# Exercise brief
What's needed is an exact retyping of the lines from the start of the listing up to and including the line with "這次我覺得最特別的是這款頂級", minus any pictures.
++++++++++
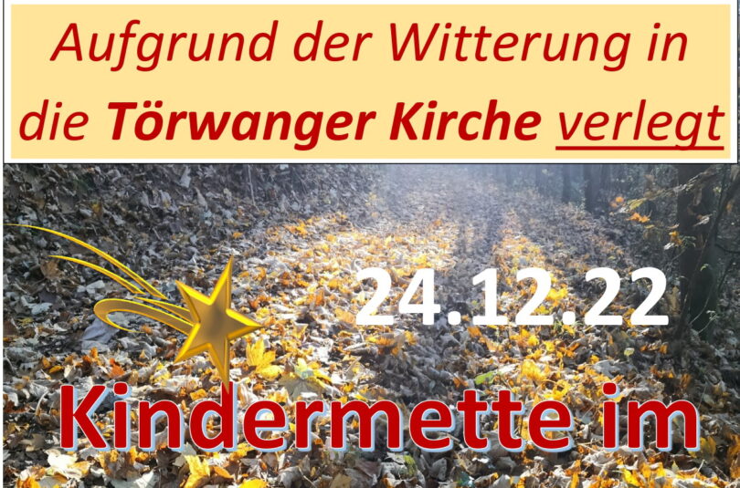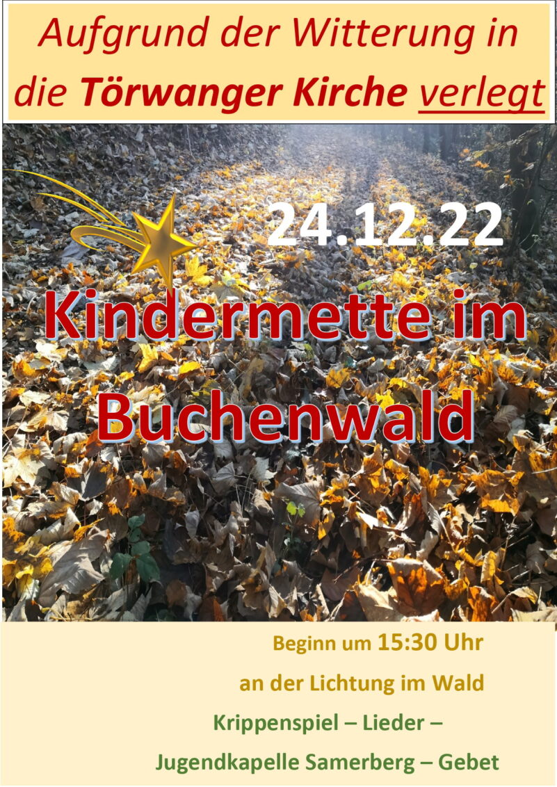 Nicht wie geplant im Buchenwald, sondern aufgrund der Wetterprognosen in der Kirche “Mariä Himmelfahrt” in Törwang findet die Samerberger Kindermette am Samstag, 24. Dezember (Heilig Abend) statt.
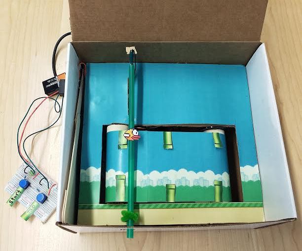 Depois de tantas versões virtuais, Fawn Qiu, fundadora da MakeAnything (comunidade que encoraja o uso de ciência, tecnologia, engenharia e matemática na criação dos mais variados tipos de coisa), trouxe o Flappy Bird ao mundo analógico.
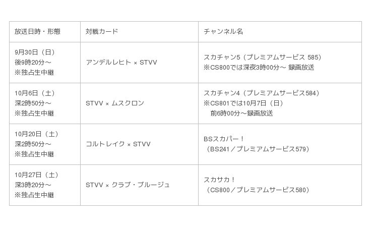<ベルギーリーグ 第9節以降 STVV放映スケジュール>
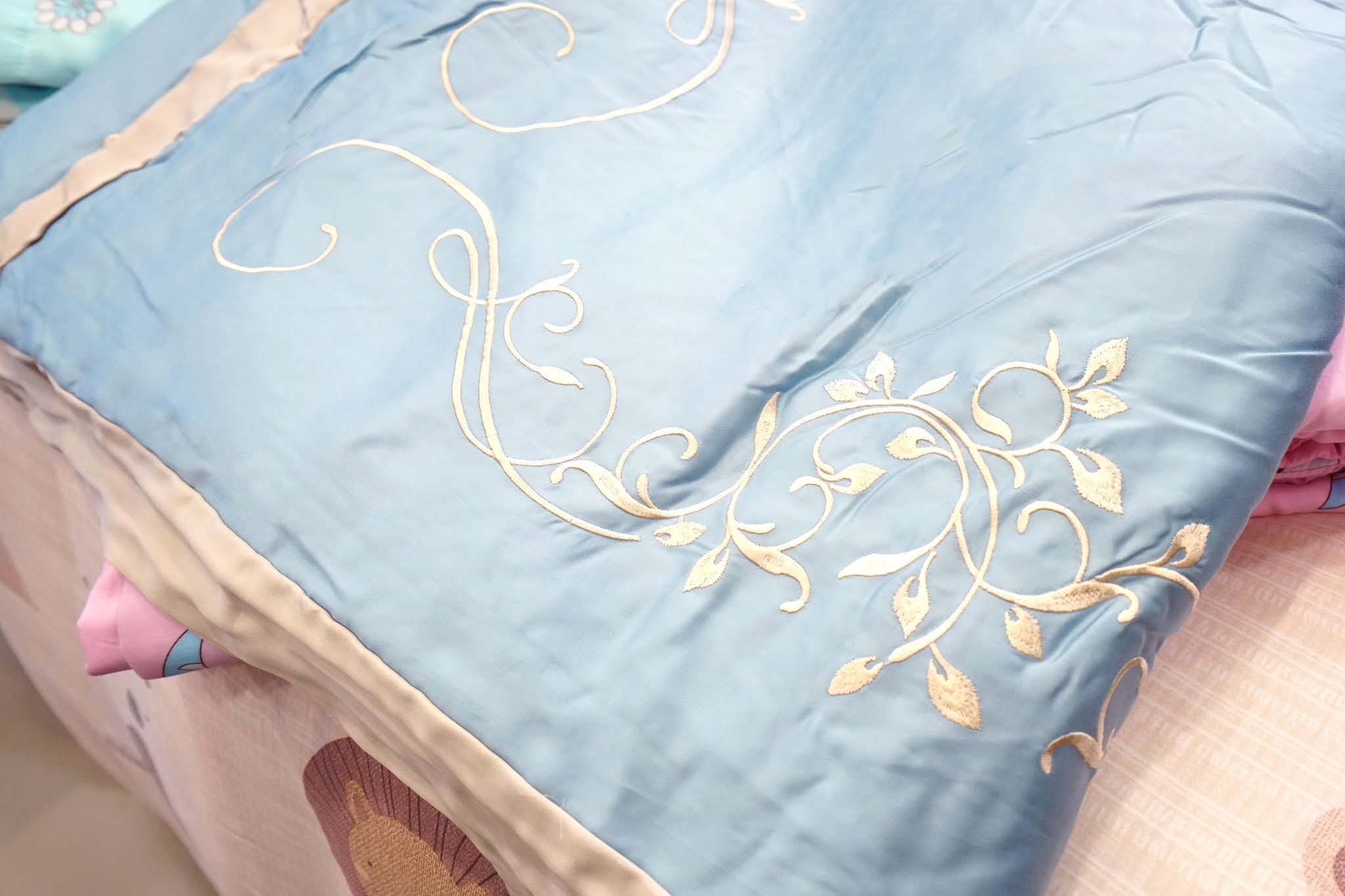 這次我覺得最特別的是這款頂級刺繡的天絲床包兩用被組,摸起來像絲緞般的滑順又有光澤,精緻的刺繡花紋,很有高級感,天絲材質在夏天睡起來格外涼爽,觸感非常好!無論是視覺或觸感都令人滿意,可說是一款高CP值推薦。
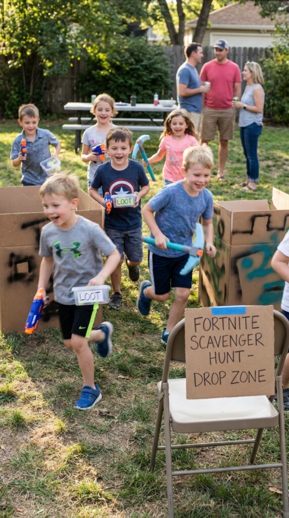 Set up scavenger hunt challenges where kids search for hidden “loot” around your backyard. Assign points for each item found, then crown a winner. You can also incorporate real-life Fortnite challenges inspired by in-game mechanics to make the hunt feel even more authentic.
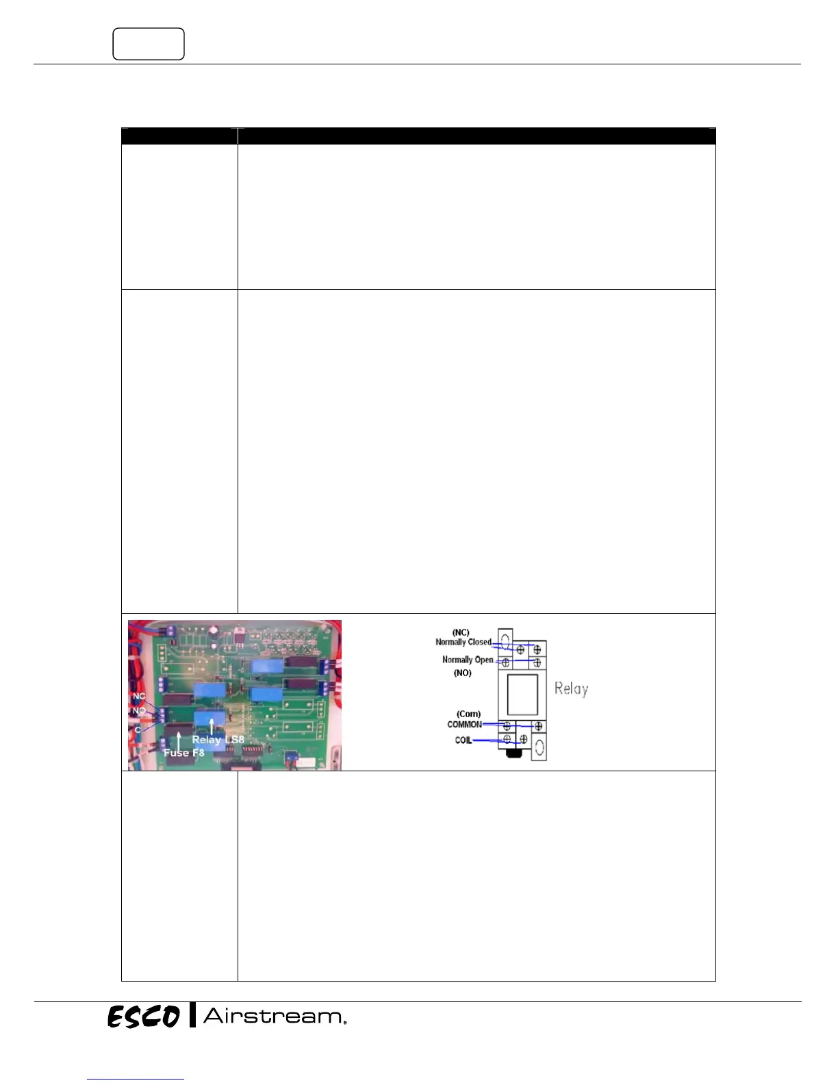 • Check the DC voltage to the coil of the K2 relay. Voltage should be 12VDC ± 10%.
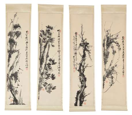 ink on paper, with inscriptions, seals and signature, dated to Ren Yin year during the Daoguang period, 1842AD, set of four hanging scrolls (4)
++++++++++
# Result of the task
 Nicht wie geplant im Buchenwald, sondern aufgrund der Wetterprognosen in der Kirche “Mariä Himmelfahrt” in Törwang findet die Samerberger Kindermette am Samstag, 24. Dezember (Heilig Abend) statt.
 Depois de tantas versões virtuais, Fawn Qiu, fundadora da MakeAnything (comunidade que encoraja o uso de ciência, tecnologia, engenharia e matemática na criação dos mais variados tipos de coisa), trouxe o Flappy Bird ao mundo analógico.
<ベルギーリーグ 第9節以降 STVV放映スケジュール>
 這次我覺得最特別的是這款頂級刺繡的天絲床包兩用被組,摸起來像絲緞般的滑順又有光澤,精緻的刺繡花紋,很有高級感,天絲材質在夏天睡起來格外涼爽,觸感非常好!無論是視覺或觸感都令人滿意,可說是一款高CP值推薦。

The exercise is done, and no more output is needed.